En un centro de rehabilitación respaldado por militares cerca de Jartum, más de 200 ex niños soldados intentaban empezar de nuevo. Una cancha de fútbol y una red de voleibol ofrecían una frágil gramática de la infancia. Sus cuerpos contaban otra historia. A un niño le faltaba una mano. Otro mostraba cicatrices de tortura. Un tercero tenía un hueso sobresaliendo del costado.

El adolescente encadenado a la ametralladora antiaérea dijo que una vez se negó a disparar. Combatientes de la RSF le dispararon, hiriéndole el pie. La herida se infectó y se llenó de gusanos. Sus captores lo abandonaron cuando dejó de ser útil.

Sobrevivir no restauró el hogar que recordaba. Su madre murió de enfermedad durante la guerra. Su padre dijo que sentía vergüenza por lo que su hijo había hecho y no quería verlo.

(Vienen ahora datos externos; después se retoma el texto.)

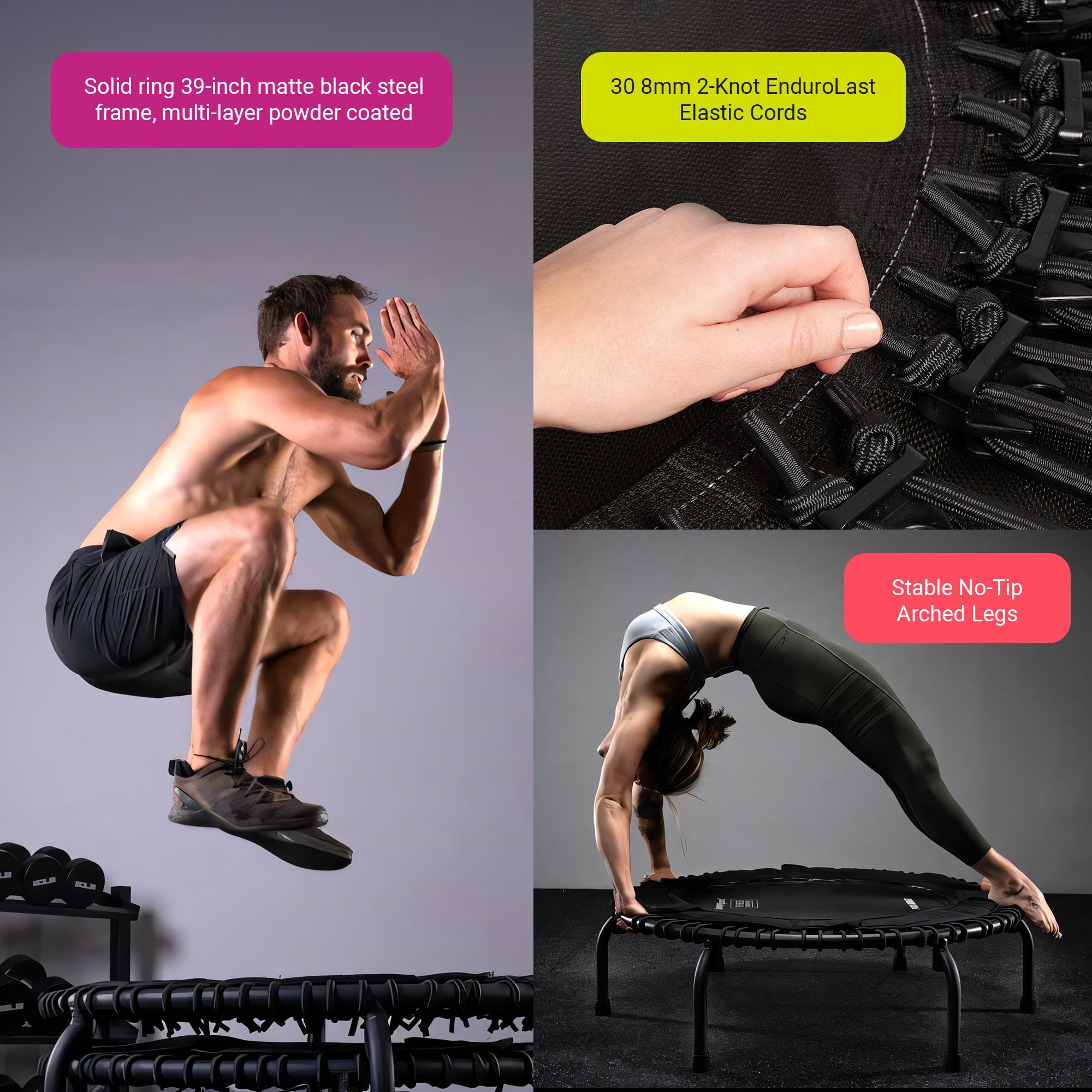 - Smooth, quiet EnduroLast elastic cords provide a low-impact, cushioned bounce for all fitness levels

Ese rechazo es otro campo de batalla. Los ex niños soldados regresan cargando actos que se vieron obligados a cometer, mientras que los familiares pueden ver solo al grupo armado al que sirvieron. La psicóloga Zeinab Mahjoub dijo a la AP que instó a las familias a no abandonar a los niños. El representante de UNICEF en Sudán, Sheldon Yett, afirmó que las autoridades deben tratar a “los niños como niños”.

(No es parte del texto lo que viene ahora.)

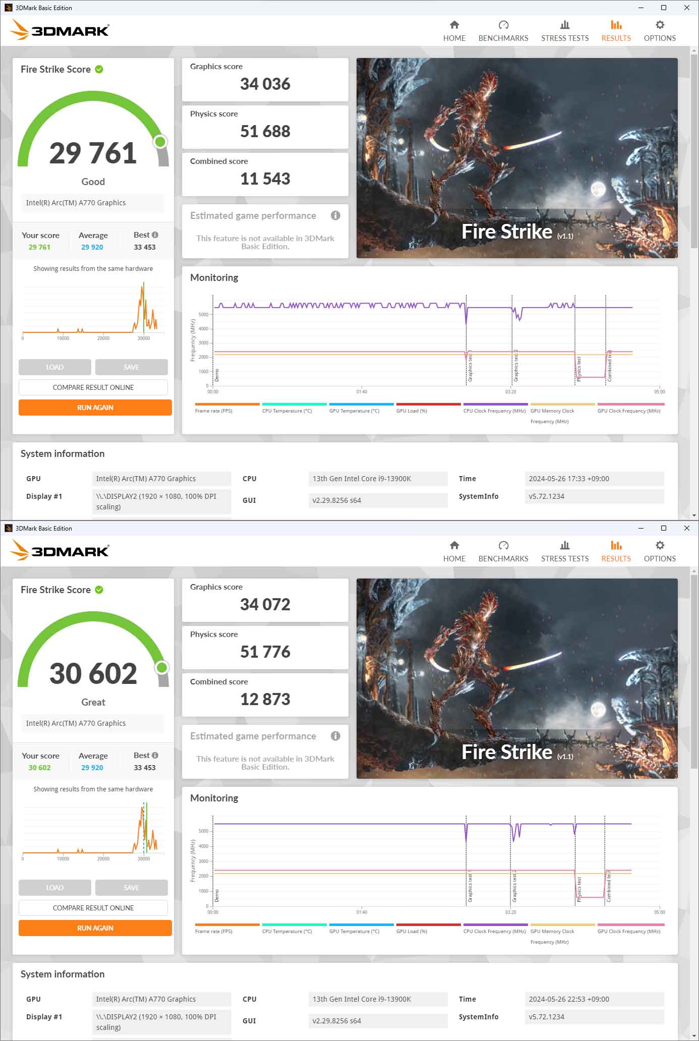 3DMARK 파이어 스트라이크에서 변경전 29761점, 변경후 30602점으로 (+841점, +2.8%) 향상되었습니다.

Los niños fueron liberados después de que la AP visitara el centro en abril. Sin embargo, la libertad no es lo mismo que la reparación.

El segundo adolescente escapó de al-Konan cuando un guardia dejó una puerta sin llave. Tras regresar a casa, alguien informó que había combatido con la RSF. Las autoridades lo enviaron a rehabilitación. Ahora habla con el vocabulario cargado de quien es responsabilizado por decisiones impuestas a punta de pistola.

“Hemos cometido errores”, dijo. “Queremos salir de aquí para reconstruir Sudán.”

Para Colombia, ese llamado debería sonar familiar. Los presuntos entrenadores surgieron de un sistema que hizo abundante la experiencia en combate y escasa la seguridad en la posguerra. Los niños sudaneses pagaron por ese desequilibrio.

La cadena comienza en las guerras inconclusas de América Latina, pasa por redes privadas de reclutamiento y dinero del Golfo, y termina con un niño atornillado a un arma bajo un avión atacante. Eso no es distancia. Es conexión.

Este artículo es una adaptación de un reportaje de Associated Press realizado por Sam Mednick, Isabel Debré y Astrid Suárez, publicado originalmente bajo el título “Child soldiers recount horrors of Sudan’s war and presence of Colombian mercenaries.”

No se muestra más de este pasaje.